Les menées offensives sur la viande artificielle : comment les investisseurs créent le futur eldorado

 



 

La viande artificielle, sortie tout droit de laboratoires, est devenue une réalité. Encore inaccessible pour le commun des mortels du fait de son prix, elle est cependant amenée à devenir un bien de consommation courant d’ici 2020 pour les plus optimistes, d’ici cinq à dix ans pour les plus réalistes. Pour Richard Branson, c’est dans 30 ans que toute la production de viande dans le monde sera « soit propre soit à base de plantes ».Cette innovation scientifique prend tous les aspects d’un cas d’école incroyable, à savoir celui d’une innovation arrivant sur un marché déjà prêt … soit l’inverse de toutes les innovations à ce jour.

En effet, plusieurs signes semblent indiquer que certains acteurs sont déjà en train de modéliser un marché propice à la réception de la viande artificielle. Ainsi, d’importantes personnalités du monde des affaires investissent dans les laboratoires se lançant dans l’aventure, et ce, non pas parce qu’un marché pourrait un jour éclore. Ils investissent car ils sont également actifs dans la création même de ce marché, tant en agissant sur l’idéologie pouvant le rendre éthiquement légitime qu’en agissant sur le cadre légal pouvant accueillir cette viande de substitution. Le but est simple : le premier sur le marché arrivant à produire une viande issue d’un laboratoire, et donc brevetée, deviendra de facto leader incontesté sur le marché.

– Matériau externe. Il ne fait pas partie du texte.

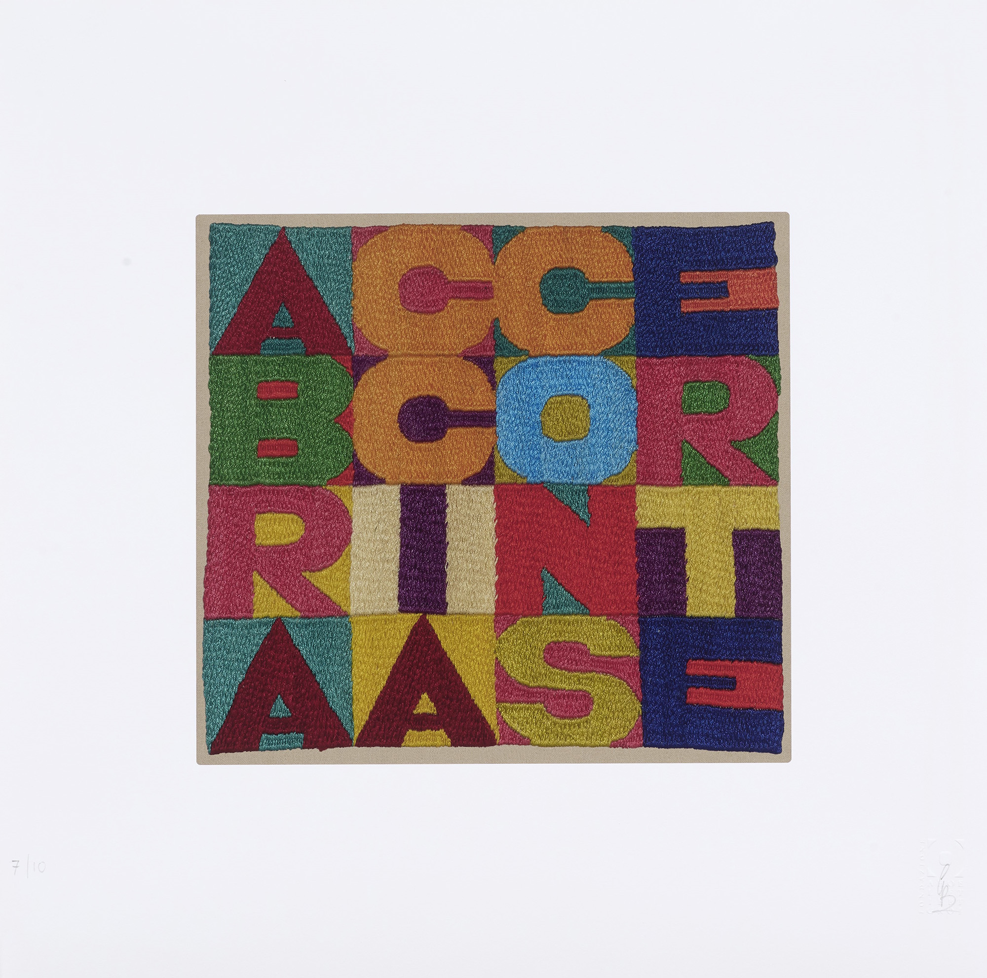 Timbro a secco Fondazione Alighiero Boetti in basso a destra con firma a matita di Giordano Boetti, tiratura in basso a sinistra: 7/10.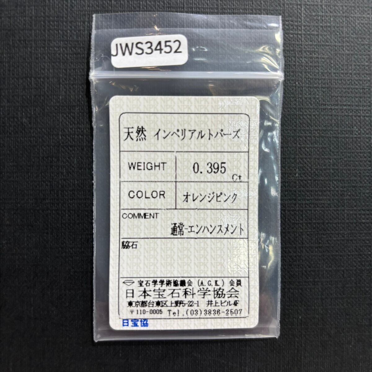 【9/11新着】インペリアルトパーズ 0.395ct【ソーティングメモ付】#JWS3452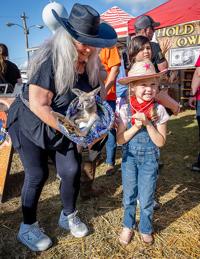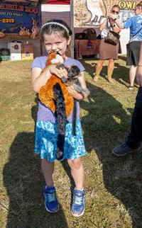 Gwenyth Kloeppel, 5, of Fenton with a baby kangaroo, Kip, a 7-month-old male, held by Robin Potter from Wildlife Command Center.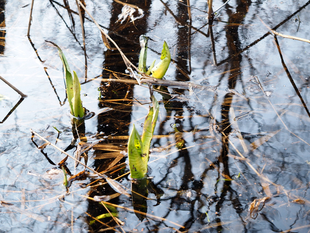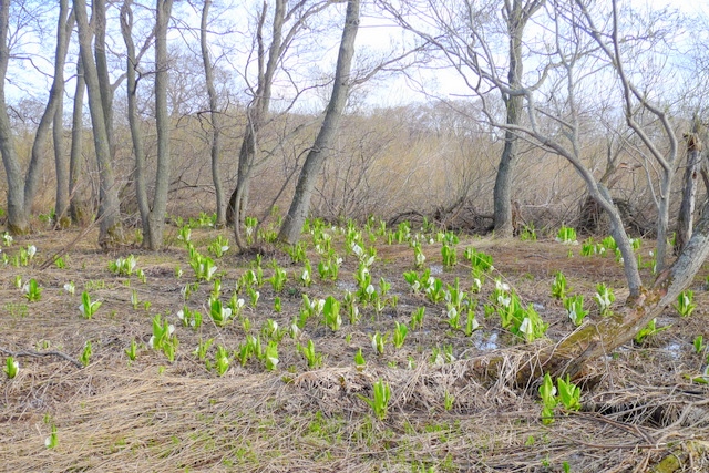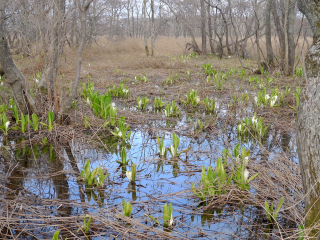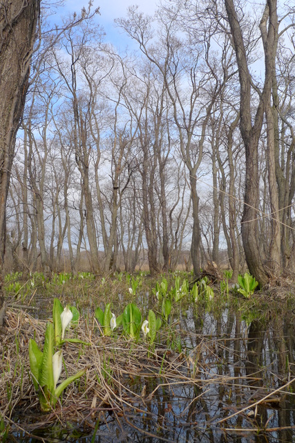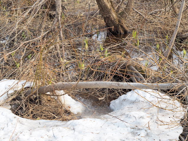 Skunk Cabbage and Lingering Snow in Makunbetsu Marshland a week earlier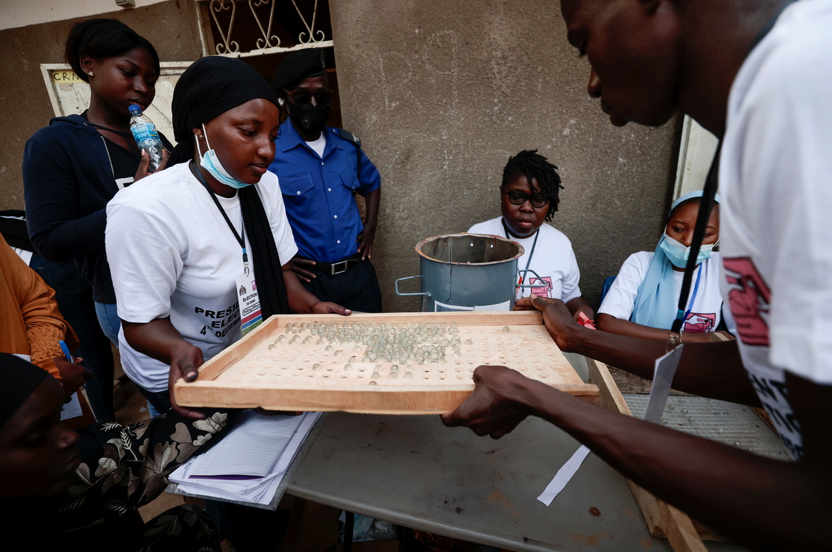 Gambia uses a unique voting system - marbles dropped into each candidate's ballot drum - to avoid spoilt ballots in a nation with a high illiteracy rate.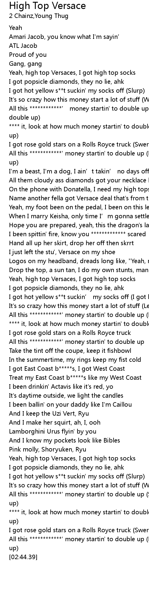 | [02:18.43] | Yeah, high top Versaces, I got high top socks |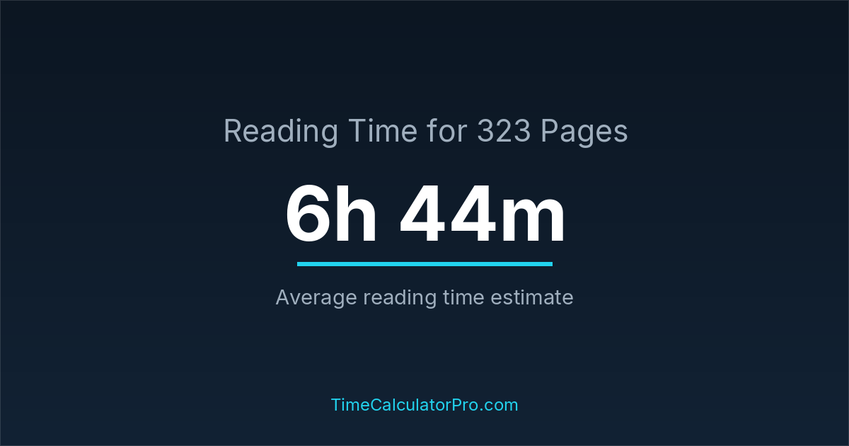 At an average reading speed of about 200 words per minute, many readers can comfortably finish 323 pages within the estimated time frame.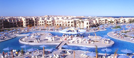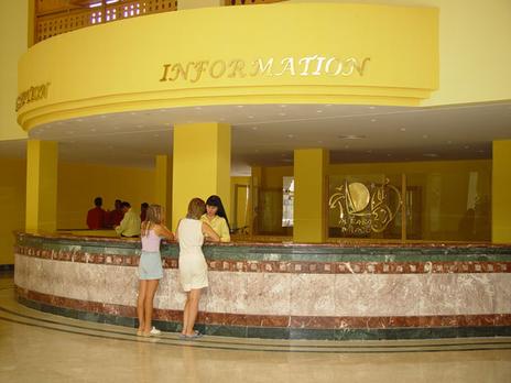 | Отдыхал в этом отеле в апреле 2009 года, ну что можно сказать в Египте был не первый раз, отель по 5 бальной школьной системе тянет на 3 с минусом, я особенно не за-морачиваюсь как некоторые люди не считаю муравьев в номере, не смотрю на треснув-шую плитку, но отель действительно оставляет желать лучшего. Изложу некоторые мо-менты поподробнее: 1. Питание. Я бы поставил вообще двойку, в отеле 3 ресторана но работают только 2 и в них постоянно нет мест что бы просто придти и поесть надо отстоять в очереди, притом ужин с 18-30 до 22-00 но менеджеры в 20-00 вешают табличку closed и никого не пускают направляют в другой ресторан, в другом же ресторане народу столько что стоять надо от 30 минут или вообще комическая ситуация там так же закрыто, пришлось один раз даже сорваться и наорать на всех там менеджеров ресторана (сразу пустили внутрь) я так и не понял почему они закрывали ресторан так рано, зайдя внутрь особого изыска там не най-дешь, все одно и тоже изо дня в день и очень маленький выбор блюд, официанты посто-янно достают предложениями сока (3 доллара) притом по несколько раз, что тоже раздра-жало (не настолько же мы тупые что бы предлагать по несколько раз), крепкие напитки там не дают из алкоголя только пиво и вино, и то система такая подходит официант (мо-жет и вообще не подойти) спрашивает, что будете пить ты заказываешь и все он уходит с концами и больше не возвращается, мы потом вообще ничего не заказывал и это почти со всеми (не пойму, зачем вообще подходить и спрашивать) куда менеджеры смотрят я так и не понял. Питаться лучше будет в Алладине там выбор блюд больше, если хотите на ужин подойдите в 8-00 на рецпшен и там дадут талон туда, но придя туда нас впустили и вслед сказали прям на русском, - что пришли сюда сидели бы у себя в Али бабе. 2. Территория, Номер. Территория ничего красивая, есть где погулять и что посмотреть, кругом зелень все ухожено, номера как говорят лучше дать 20 долларов что бы поселили в нормальный, я дал так что попали в хороший, других не видел поэтому говорить не могу. У нас был большой номер с большим балконом, вопрос по уборке не было, но было одно но это когда приходишь с пляжа с мыслью помыться и пойти в бар, на ужин, а полотенец нет и говорить уборщику что бы он принес бесстолку, он кивает головой говорит хорошо и ничего не приносит, пришлось звонить на рецепшен и опять же скандалить через 15 ми-нут приносят и еще нагло ждут чаевых я чуть не упал от такой наглости. Поэтому бросив полотенце на пол что бы поменяли вы их дождетесь минимум в 18-30, 19-00. И еще был момент в последний день отдыха к нам пришел вечером уборщик и сказал ну что вам по-нравилось как он убирался? Я ответил ничего нормально, тогда он протянул руку и сказал тогда дай денег за это))) занавес закрывается)). 3. Пляж. Пляж большой проблем с лежаками не было можно было придти и в 9-00 и 10-00 утра занять место можно, правда выбирать не придется, пляж идет на 3 отеля Алладин и Жасмин, купаться однозначно лучше ходить в Жасмин (как говорят лучший пляж в Хур-гаде) там есть огромные коралловые рифы, вход песок, Али баба и Алладин перед входом камни надо либо специальную обувь что зайти либо с пирса купаться. На пляже доставали (очень) официанты с предложениями тематических вечеров (по 10 долларов) там танцы живота, юбка танец и т.д. притом за день могли по 5-6 раз подойти и нагло предлагать да-же если ты л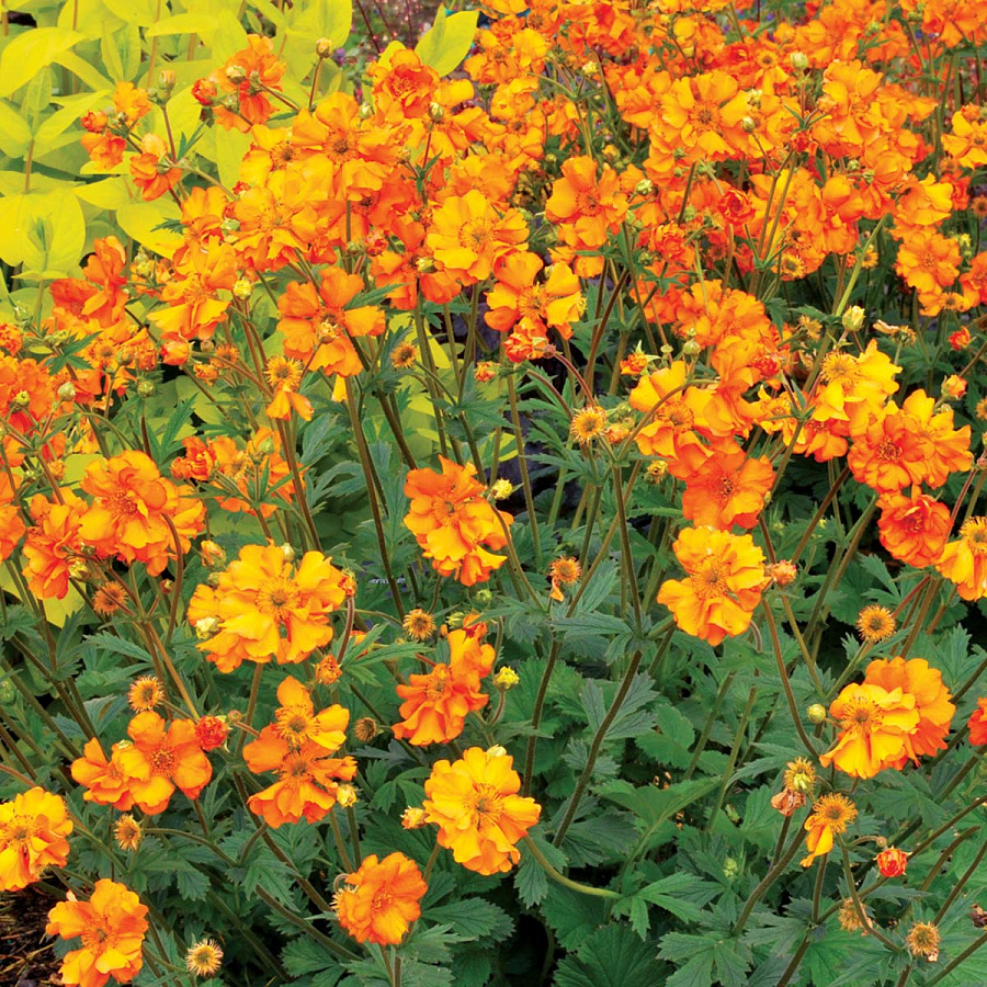 Саженцы гравилата чилийского Фаерболл (Geum chiloense Fireball) своим пышным цветением и ярким окрасом украсят клумбу, цветник и станут акцентом. Высота стебля – до 45-50 сантиметров. Листья темно-зеленые, опушенные. Цветки яркие, оранжево-желтые, полумахровые, состоят из широких лепестков, по центру расположены множественные тонкие тычинки. Период цветения длительный, с мая по октябрь. Гравилат используют как лекарственное растение и в качестве пряности. Растение предпочитает хорошо освещенные места с легким затенением. Предпочитает умеренно-влажные, рыхлые почвы. Полив – не частый, по мере подсыхания почвы.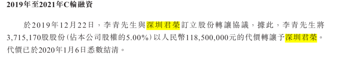 2019年12月22日,B轮投资者李青将所持371.52万股股份(占公司股权的5%)转让予深圳君荣,套现约1.19亿元。此时,距离公司在12月8日撤回A股上市申请,只过去了2周时间。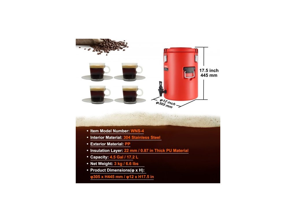 Objem: 4,5 galonu / 17,2 l,Číslo modelu: WNS-4,Izolační vrstva: 22 mm / 0,87 palce silný PU materiál,Rozměry produktu (φ x V): φ305 x V445 mm / φ12 x V17,5 palce,Vnější materiál: PP,Čistá hmotnost: 3 kg / 6,6 lbs,Vnitřní materiál: Nerezová ocel 304

L’objet de cet article n’est donc pas la légitimité du combat bien-être animal / vegan, ni sa critique. Bien au contraire, nous allons considérer que cette mouvance va gagner du terrain en Occident. Des acteurs puissants sont déjà en ordre de marche pour saisir un marché de plusieurs milliards d’euros. Si les organisations de type PETA ou L214 sont contre la consommation de viande, l’impossibilité de l’espèce humaine à se passer de cette source de protéine et de vitamine B12 nécessite de trouver une alternative viable. Ainsi, plusieurs investisseurs et laboratoires s’orientent vers une consommation de véritable viande, mais non issue d’un procédé classique élevage / abattage. Une viande issue des laboratoires, une viande qui outrepasse le besoin d’élever et de tuer des milliards d’animaux chaque année.

 

L’eldorado : le modèle pharmaceutique appliqué à l’alimentaire

Ce nouveau produit s’appuie sur deux anticipations dont on voit déjà les tendances aujourd’hui : la baisse de consommation de viande chez les occidentaux pour des raisons éthiques (bien-être animal) et la très forte augmentation de consommation de viande dans le reste du monde, dont l’impact écologique est une véritable bombe à retardement. Concernant le premier point, nous allons y revenir dans la suite de cet article. Le second point est quant à lui un véritable défi pour des milliards d’individus. En effet, la hausse de la consommation mondiale de viande va, selon la FAO, être 16% plus élevée en 2025 qu’en 2013-15. Cette consommation avait déjà augmenté de 20% les dix années précédentes. Si la consommation devrait rester stable en Occident, sa croissance va être tirée par les pays en voie de développement. Ainsi, Chine en tête, mais aussi Inde, Indonésie, Mexique, Pakistan et Vietnam vont devoir faire face à une très forte hausse de consommation. Et cela va représenter des millions d’hectares dédiés à la production de céréales pour nourrir les bêtes, des millions d’hectares pour les élever, et des millions de tonnes de CO2 en plus liés à la vie même de ces animaux. Et cela se traduira en plus par une déforestation toujours plus importante.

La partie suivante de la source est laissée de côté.